Response to Reviewer 2 Comments

 

 

Point 1: Line 41, citation format is not consistent with rest of the manuscript.

 

Response 1: As you comment kindly, the word “[Lee, 2001 #1]” has been changed to “[1]” in Line 36 of revised version. We also fixed the word “(Bernhardt et al., 2017)” to “[44]” in section 4.12 and added reference [44] in Line 517 of revised version.

 

Point 2: 1 legend, indicate time point the joint samples for histology and microCT shown in figure 1 were obtained.

 

Response 2: As you comment kindly, we indicated the time point the joint samples for histology and microCT in the legend of Figure 1 (Line 97-99 of revised version)

 

Point 3: Line 122, “….and complement fixation”. Need reference.

 

Response 3: As you comment kindly, As you pointed out kindly, we added the reference [22] in Line 123 of revised version.

 

Point 4: 2 legend, indicate time point the serum samples for antCII Ab and cytokine ELISA shown in Fig 2 were obtained.

 

Response 4: As you comment kindly, we indicated the time point the serum samples for anti-CII Ab and cytokine ELISA in the legend of Figure 2. (Line 113-114 of revised version)

 

Point 5: Lin 147, “CD4+IFNg+ ells” should be CD4+IFNg+

 

Response 5: As you comment kindly, we changed the word “CD4+IFNg+ ells” to “CD4+IFNg+” and made additional change the word “CD4+IL-17+ ells” to “CD4+IL-17+” in Line 154-155 of revised version.

 

Point 6: 3A-3C, in addition to present frequency, present cell # data.

 

Response 6: As you comment kindly, we made change the word “CD4+IL-17+ cells (%)” to “CD4+IL-17+ cells frequency of splenocytes” in figure 3A, “CD4+IFN-ɣ+ cells (%)” to “CD4+IFN-ɣ+ cells frequency of splenocytes” in figure 3B and “CD25+Foxp3+ cells (%)” to “CD25+Foxp3+ cells frequency of CD4+ T cells” in figure 3C.

 

Point 7: 3 legend, indicate time point the spleen cells for Th17 vs Treg FACS analysis shown in Fig 3 were obtained.

 

Response 7: As you comment kindly, we indicated the time point the spleen cells for Th17 vs Treg FACS analysis in the legend of Figure 3 (Line 150 of revised version).

 

Point 8: Fig 4 legend, add information on PLD1 inhibitor treatment regimen (e.g. when it treated, how many time and what interval, etc.). Also indicate time point the joint samples for histology and microCT shown in figure 4 were obtained.

 

Response 8: As you comment kindly, we added information on PLD1 inhibitor treatment regimen and inserted the time point the joint samples for histology and microCT in the legend of Figure 4. (Line 196-197, 199-202 of revised version)

 

Point 9: 5 legend, indicate time point the serum samples for antCII Ab and cytokine ELISA shown in Fig 5 were obtained.

 

Response 9: As you comment kindly, we indicated the time point the serum samples for anti-CII Ab and cytokine ELISA in the legend of Figure 5 (Line 226 and 228 of revised version)

 

Point 10: Please add the data regarding effects of PLD1 in Th17 differentiation and Treg differentiation and suppressive ability of Treg cells using wile-type vs PLD1KO T cells.

 

Response 10: As you comment kindly, we added the data in figure S6 for effect of PLD1 in Th17 differentiation and Treg differentiation, and described the following sentences in Line 257-261 of revised version: “Moreover, compared with PLD1+/+ mice, PLD1 depletion in mice enhanced the population of CD4+CD25+Foxp3+Treg cells (29.2% versus 58.7%) and significantly reduced the population of CD25+IL-17+ Th17 cells (40.1% versus 15.2%) (Figure S6). These results suggested that genetic and pharmacological inhibition of PLD1 promoted the differentiation of Treg cells and suppressed the differentiation of Th17 cells”.
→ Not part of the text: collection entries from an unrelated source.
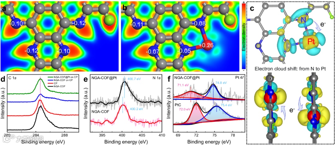 图4. NGA-COF@Pt电子相互作用。(a-b)ELF和Bader电荷分析;(c)差分电荷分析;(d)C1s;(e)N1s;(f)Pt4f 的XPS精细谱。
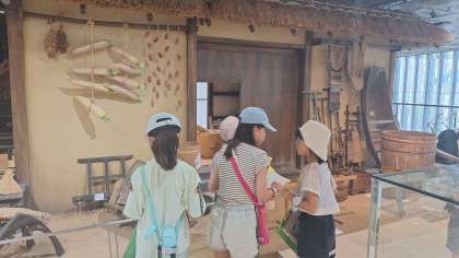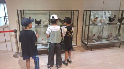 午前は、東京農業大学にある「食と農の博物館」を見学しました。様々な生き物の剥製や古民家、昔の道具、熱帯植物など、たくさんの展示物を見ました。世田谷にこんな貴重な博物館があることを知り、子どもたちも驚いていました。
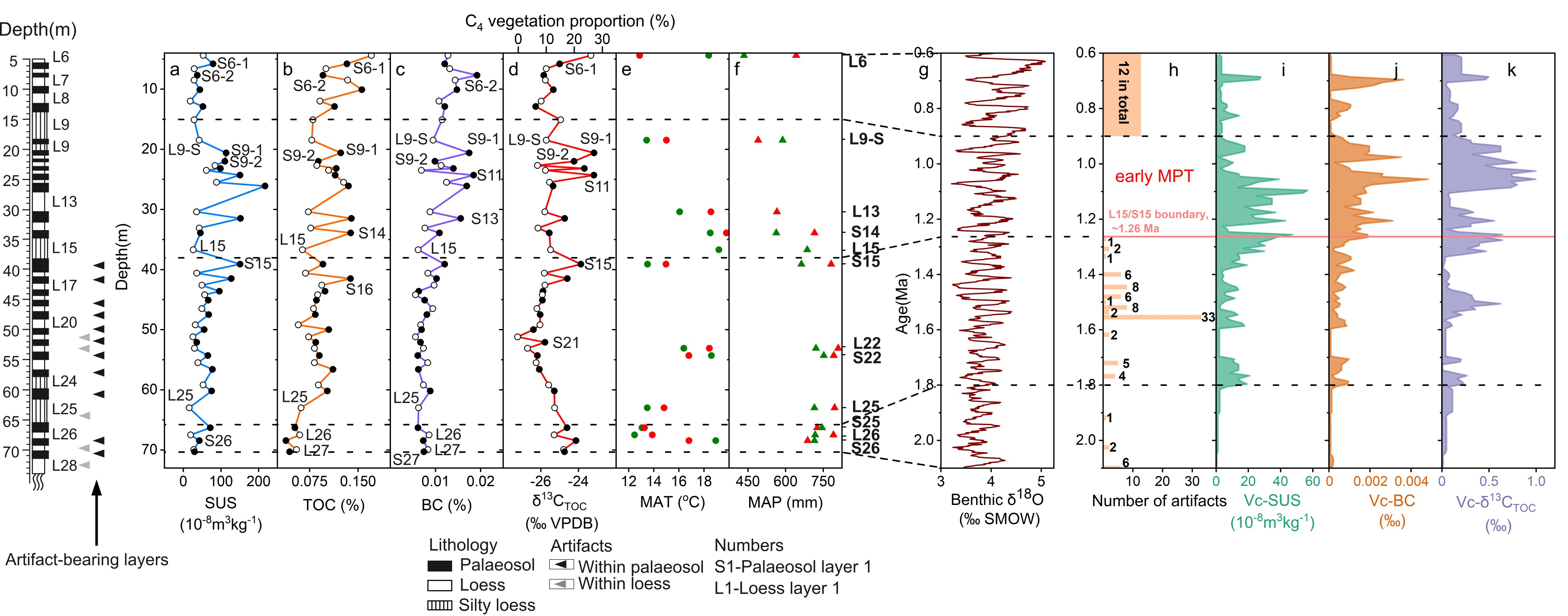 304永利集团官网入口周斌副教授及其合作者利用有原位石器出土的上陈剖面黄土–古土壤沉积序列(图1),开展了黑碳、有机碳及其碳同位素组成,以及细菌膜脂化合物br-GDGTs等有机地球化学指标分析,重建了该地区~2.1–0.6 Ma间的气候和植被环境变化,并将之与该地点发现的石器记录对比,在上陈地区划分出了四个特征明显的气候–环境–人类活动阶段(2.1–1.8, 1.8–1.26, 1.26–0.9, 0.9–0.6 Ma)(图2)。
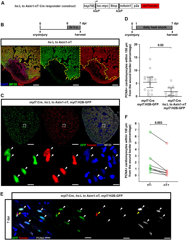 Fig. 5. Wnt/β-catenin signaling acts cell-autonomously in cardiomyocytes to promote cell cycle re-entry. (A) Illustration of the Cre responder construct hsp70l:LOXP-luc-myc-STOP-LOXP-mAxin1-p2a-nlsTomato, cryaa:AmCyan (abbreviated hs:L to Axin1-nT). (B) MF20 and Myc immunostaining to detect expression of myc-tagged luciferase in cryoinjured hs:L to Axin1-nT hearts, heat-shocked (h.s.) 3 times every 8 h from 6 dpi and harvested at 7 dpi 8 h after the last heat-shock. The yellow dotted lines represent the outline of the MF20+ cardiomyocyte area. n (hearts) = 5. Scale bars, 100 μm. (C) Tomato, GFP and MF20 immunostaining of hearts from heat-shocked myl7:Cre, hs:L to Axin1-nT, myl7:H2B-GFP fish. White arrowheads point to DAPI+nT+GFP+ cardiomyocyte nuclei. Scale bars, 100 μm (overview), 10 μm (magnification). (D) Quantification of PCNA+GFP+/GFP+ borderzone cardiomyocytes of cryoinjured hearts from myl7:Cre, hs:L to Axin1-nT, myl7:H2B-GFP fish and myl7:Cre, myl7:H2B-GFP siblings, heat-shocked daily from 1 to 7 dpi. n (hearts) = 16 (myl7:Cre, myl7:H2B-GFP), 10 (myl7:Cre, hs:L to Axin1-nT, myl7:H2B-GFP). Error bars represent CI 95%. Unpaired Welch's unequal variances t-test. (E) Tomato, GFP and PCNA immunostaining of 7 dpi hearts from myl7:Cre, hs:L to Axin1-nT, myl7:H2B-GFP fish, heat-shocked daily from 1 to 7 dpi. White arrowheads point to PCNA+nT—GFP+ cardiomyocytes, yellow arrowheads point to PCNA—nT+GFP+ cardiomyocytes. Scale bars, 100 μm (overview), 10 μm (magnification). (F) Quantification of PCNA+nT—GFP+/nT—GFP+ and PCNA+nT+GFP+/nT+GFP+ borderzone cardiomyocytes of cryoinjured hearts from myl7:Cre, hs:L to Axin1-nT, myl7:H2B-GFP fish, heat-shocked daily from 1 to 7 dpi. n (hearts) = 7. Paired t-test.

We added the data in figure S8 for effect of PLD1 in suppressive ability of Treg cells using PLD1KO T cells, and added the following sentences in Line 271-274 of revised version:” Additionally, we found that PLD1 depletion-induced Treg cells were also functional in suppressing the proliferation of effector cells, as analyzed by an in vitro Treg cell suppression assay (Figure S8). These results suggested that the cells induced by the inhibition and depletion of PLD1 were bona fide Treg cells”.

 

Point 11: legend, indicate time point the tibia samples for histology shown in figure 7A were obtained. Also provide information on cell source for in vitro study in Fig 7B-7G.

 

Response 11: As you comment kindly, we indicated the time point the tibia samples for histology and provided information on cell source for in vitro study in Fig 7B-7G. (Line 305, 307-308 of revised version)

 

Point 12: Please add the data regarding effects of PLD1 in osteoclastogenesis and bone resorption using wile-type vs PLD1KO BMM cells.

 

Response 12: As you comment kindly, we added the data regarding effects of PLD1 in osteoclastogenesis and bone resorption using wile-type vs PLD1KO BMM cells in Figure 7H-K. Title of Figure 7 was changed intoTargeting of PLD1 reduces osteoclastogenesis and bone resorption”. We added the following pargraphs in Line 296-301 of revised version: “Furthermore, we investigated whether PLD1 depletion could affect osteoclastogenesis and bone resorption. PLD1 depletion significantly inhibited osteoclast differentiation from BMMs, with reduced mature osteoclasts and TRAP activity (Figure 7H,I). In addition, PLD1 ablation also decreased bone resorption with decreased bone resorption area and pit number (Figure 7J, K). These data suggest that pharmacological and genetic targeting of PLD1 suppressed osteoclastogenesis and bone resorption.

We also added the following sentence in the legend (Line 311-314 of revised version):

“Representative TRAP staining images (H) and TRAP-positive cell numbers and TRAP activity (I) of the osteoclasts differentiated BMMs from PLD1+/+ and PLD1-/- mice. Representative of bone resorption images (J) and resorbed area and pit number (K) of the osteoclasts differentiated BMMs from PLD1+/+ and PLD1-/- mice."

 

Point 13: Based on data in Fig 7, PLD1 plays a critical role in osteoclastogenesis and bone resorption regardless of its Th17/treg balance. Any discussion on regulatory role of PLD1 in osteoclastogenesis and bone resorption?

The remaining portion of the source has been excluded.